Advances in art materials may have made it possible for artists to effectively work in the field, but it was a shifting mindset that made people want to work outdoors. It’s a common thread to ask what defines art and what drives humans to create. It’s maybe impossible to create a lasting characterization because people seem always to be driven to what’s new and changing, yet old and familiar. What, then, could meet those requirements better than the natural world around us?

(1) For much longer, you’d only see natural landscapes as a backdrop for a subject and rarely the subject itself. Even then, although sketches of local physical features may have been done as reference, finished works would rarely feature a true representation of actual landscapes

(2) This is a thing I regularly, and understandably, hear angst from especially in the community of actually-starving young artists: Rich people used to PAY artists a living stipend to make art. Unfortunately, this did come with a lot of strings attached in reality. Do we really want to paint another portrait of our Medici sugar-daddy in the exact same style as the last thirty? Do we really want to paint another depiction of the same religious scene for the pope that’s been done and done again for centuries? Idk. We take the good with the bad.

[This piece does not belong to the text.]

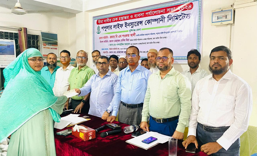 শুক্রবার (১১ অক্টোবর) মুন্সিগঞ্জ জেলায় বীমা দাবির চেক হস্তান্তর ও ব্যবসা পর্যালোচনা সভা অনুষ্ঠিত হয়, উক্ত অনুষ্ঠানে প্রধান অতিথি হিসেবে উপস্থিত ছিলেন পপুলার লাইফ ইনস্যুরেন্স কোম্পানী লিমিটেড এর মাননীয় অতিরিক্ত ব্যবস্থাপনা পরিচালক জনাব বিএম শওকত আলী। এসময় আরো উপস্থিত ছিলেন পপুলার লাইফ ইনস্যুরেন্স কোম্পানী লিমিটেড এর ঊর্ধ্বতন কর্মকর্তারা। সংবাদ বিজ্ঞপ্তি

(3) A famously fun, groovy, and forward-thinking organization.

(4) And if there’s anything creative types hate, it’s being told what they can and cannot do.

(5) Because, again, my special interest at its heart is the art materials lol. Other people can definitely tell you more about the technique and even about the cultural ramifications of changes brought on by the introduction and adoption of plein air painting as a valuable technique. For me, the interesting thing is always going to be how a new artistic doodad facilitated those changes. In this case, the big player was paint tubes. They allowed for two very big changes in that artists no longer were exclusively responsible to mix their own paint from raw pigment and that they then had an easy way to transport and preserve that paint beyond their indoor workspace. This opened the door for art suppliers to operate and for artists to create with greater flexibility.

(6) This is something I’m realizing I have big thoughts and feelings about that I don’t want to sacrifice word count for in the main body of the post. A major aspect of the classical mindset that we see in everything from visual art to architecture and cultural beliefs is that nature is only good and beautiful if carefully tamed by humanity. Rigid, but compelling, proportions. Perfection. The elimination of mystery and fear and danger from the wild was a reflection of the very real dangers faced by Europeans in the late middle ages as well as those posed to early colonial efforts by organized heathen societies. The slow distancing of this mindset by the artistic community was mirrored by the rebellion of artists from the confines of traditional structures of how art should be taught, how it should be created, and what it should be about. This period of the latter 1800’s saw a rise in interest and appreciation for the natural beauty of the land as well as the normal people who lived there. This updated mindset regarding the inherent balance of raw nature was represented in everything from art and gardening practices to the Origin of Species.

(7) A very cool sounding term that effectively means that the colors are left unmixed on the canvas. Does this make comic books impressionist art? Discuss.

(8) Damn, I definitely said this was going to be focused on art materials but the word count completely got eaten up talking around the inherent beauty of change. Oh well, I reckon that might resonate with more people on a soul level than talking about how cool metal tubes of paint are if you really think about it.

(9) Check out my blog post on Tolkein and Bob Ross because I *really* like thinking about why on earth people feel compelled to create and so few other species seem to have any kind of similar drive to the degree we do. I’m not a big fan of the concept that creativity is some kind of divine gift, but it’s hard not to look at humans with some degree of exceptionalism and awe at the things we have created, are making now, and have yet to conceive.

(10) Probably something, it’s not a riddle with one specific answer, but that’s kinda the point isn’t it?